**Try it**: Please return all the records exactly, with nothing left out.

(Records excerpted from a collection)
○ ○ ○

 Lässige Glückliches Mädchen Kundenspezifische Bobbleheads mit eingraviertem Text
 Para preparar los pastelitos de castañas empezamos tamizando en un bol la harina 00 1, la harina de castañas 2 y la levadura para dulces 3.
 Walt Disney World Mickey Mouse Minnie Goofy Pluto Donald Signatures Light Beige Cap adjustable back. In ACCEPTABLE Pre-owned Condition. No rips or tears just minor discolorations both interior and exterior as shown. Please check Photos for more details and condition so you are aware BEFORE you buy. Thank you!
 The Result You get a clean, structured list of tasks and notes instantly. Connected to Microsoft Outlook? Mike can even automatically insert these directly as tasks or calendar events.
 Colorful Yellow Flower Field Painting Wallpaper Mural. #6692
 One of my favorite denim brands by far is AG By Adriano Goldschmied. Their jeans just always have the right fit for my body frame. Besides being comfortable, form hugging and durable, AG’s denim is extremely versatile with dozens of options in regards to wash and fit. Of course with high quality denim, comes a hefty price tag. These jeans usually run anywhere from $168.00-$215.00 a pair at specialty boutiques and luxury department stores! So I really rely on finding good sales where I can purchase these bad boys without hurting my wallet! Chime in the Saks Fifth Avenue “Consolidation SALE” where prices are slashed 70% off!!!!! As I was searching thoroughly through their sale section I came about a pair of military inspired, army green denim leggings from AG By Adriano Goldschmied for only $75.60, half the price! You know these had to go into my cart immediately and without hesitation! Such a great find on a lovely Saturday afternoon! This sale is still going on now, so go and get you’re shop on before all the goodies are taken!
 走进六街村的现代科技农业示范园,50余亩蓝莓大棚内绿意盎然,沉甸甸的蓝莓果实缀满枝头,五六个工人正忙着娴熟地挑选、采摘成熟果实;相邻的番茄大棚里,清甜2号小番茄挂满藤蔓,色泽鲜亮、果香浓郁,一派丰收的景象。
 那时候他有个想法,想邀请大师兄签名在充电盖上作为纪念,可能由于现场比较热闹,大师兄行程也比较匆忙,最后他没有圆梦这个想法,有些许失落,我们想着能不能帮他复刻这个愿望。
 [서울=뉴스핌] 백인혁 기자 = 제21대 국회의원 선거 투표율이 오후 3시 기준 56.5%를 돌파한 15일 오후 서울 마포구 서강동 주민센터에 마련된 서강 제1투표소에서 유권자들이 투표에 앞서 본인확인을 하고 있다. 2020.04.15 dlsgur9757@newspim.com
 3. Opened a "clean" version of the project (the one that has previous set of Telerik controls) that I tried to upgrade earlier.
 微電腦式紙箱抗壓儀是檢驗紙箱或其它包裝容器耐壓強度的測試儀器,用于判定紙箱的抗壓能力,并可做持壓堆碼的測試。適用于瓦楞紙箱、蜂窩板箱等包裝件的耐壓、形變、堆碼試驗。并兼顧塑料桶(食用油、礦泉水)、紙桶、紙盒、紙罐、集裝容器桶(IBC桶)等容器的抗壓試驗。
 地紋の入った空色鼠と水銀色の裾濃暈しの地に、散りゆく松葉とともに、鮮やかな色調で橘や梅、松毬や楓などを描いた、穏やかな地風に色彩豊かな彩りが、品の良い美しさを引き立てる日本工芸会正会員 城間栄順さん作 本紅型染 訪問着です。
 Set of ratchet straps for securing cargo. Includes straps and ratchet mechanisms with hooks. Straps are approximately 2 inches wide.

○ ○ ○

**Task answer**:
 Lässige Glückliches Mädchen Kundenspezifische Bobbleheads mit eingraviertem Text
 Para preparar los pastelitos de castañas empezamos tamizando en un bol la harina 00 1, la harina de castañas 2 y la levadura para dulces 3.
 Walt Disney World Mickey Mouse Minnie Goofy Pluto Donald Signatures Light Beige Cap adjustable back. In ACCEPTABLE Pre-owned Condition. No rips or tears just minor discolorations both interior and exterior as shown. Please check Photos for more details and condition so you are aware BEFORE you buy. Thank you!
 The Result You get a clean, structured list of tasks and notes instantly. Connected to Microsoft Outlook? Mike can even automatically insert these directly as tasks or calendar events.
 Colorful Yellow Flower Field Painting Wallpaper Mural. #6692
 One of my favorite denim brands by far is AG By Adriano Goldschmied. Their jeans just always have the right fit for my body frame. Besides being comfortable, form hugging and durable, AG’s denim is extremely versatile with dozens of options in regards to wash and fit. Of course with high quality denim, comes a hefty price tag. These jeans usually run anywhere from $168.00-$215.00 a pair at specialty boutiques and luxury department stores! So I really rely on finding good sales where I can purchase these bad boys without hurting my wallet! Chime in the Saks Fifth Avenue “Consolidation SALE” where prices are slashed 70% off!!!!! As I was searching thoroughly through their sale section I came about a pair of military inspired, army green denim leggings from AG By Adriano Goldschmied for only $75.60, half the price! You know these had to go into my cart immediately and without hesitation! Such a great find on a lovely Saturday afternoon! This sale is still going on now, so go and get you’re shop on before all the goodies are taken!
 走进六街村的现代科技农业示范园,50余亩蓝莓大棚内绿意盎然,沉甸甸的蓝莓果实缀满枝头,五六个工人正忙着娴熟地挑选、采摘成熟果实;相邻的番茄大棚里,清甜2号小番茄挂满藤蔓,色泽鲜亮、果香浓郁,一派丰收的景象。
 那时候他有个想法,想邀请大师兄签名在充电盖上作为纪念,可能由于现场比较热闹,大师兄行程也比较匆忙,最后他没有圆梦这个想法,有些许失落,我们想着能不能帮他复刻这个愿望。
 [서울=뉴스핌] 백인혁 기자 = 제21대 국회의원 선거 투표율이 오후 3시 기준 56.5%를 돌파한 15일 오후 서울 마포구 서강동 주민센터에 마련된 서강 제1투표소에서 유권자들이 투표에 앞서 본인확인을 하고 있다. 2020.04.15 dlsgur9757@newspim.com
 3. Opened a "clean" version of the project (the one that has previous set of Telerik controls) that I tried to upgrade earlier.
 微電腦式紙箱抗壓儀是檢驗紙箱或其它包裝容器耐壓強度的測試儀器,用于判定紙箱的抗壓能力,并可做持壓堆碼的測試。適用于瓦楞紙箱、蜂窩板箱等包裝件的耐壓、形變、堆碼試驗。并兼顧塑料桶(食用油、礦泉水)、紙桶、紙盒、紙罐、集裝容器桶(IBC桶)等容器的抗壓試驗。
 地紋の入った空色鼠と水銀色の裾濃暈しの地に、散りゆく松葉とともに、鮮やかな色調で橘や梅、松毬や楓などを描いた、穏やかな地風に色彩豊かな彩りが、品の良い美しさを引き立てる日本工芸会正会員 城間栄順さん作 本紅型染 訪問着です。
 Set of ratchet straps for securing cargo. Includes straps and ratchet mechanisms with hooks. Straps are approximately 2 inches wide.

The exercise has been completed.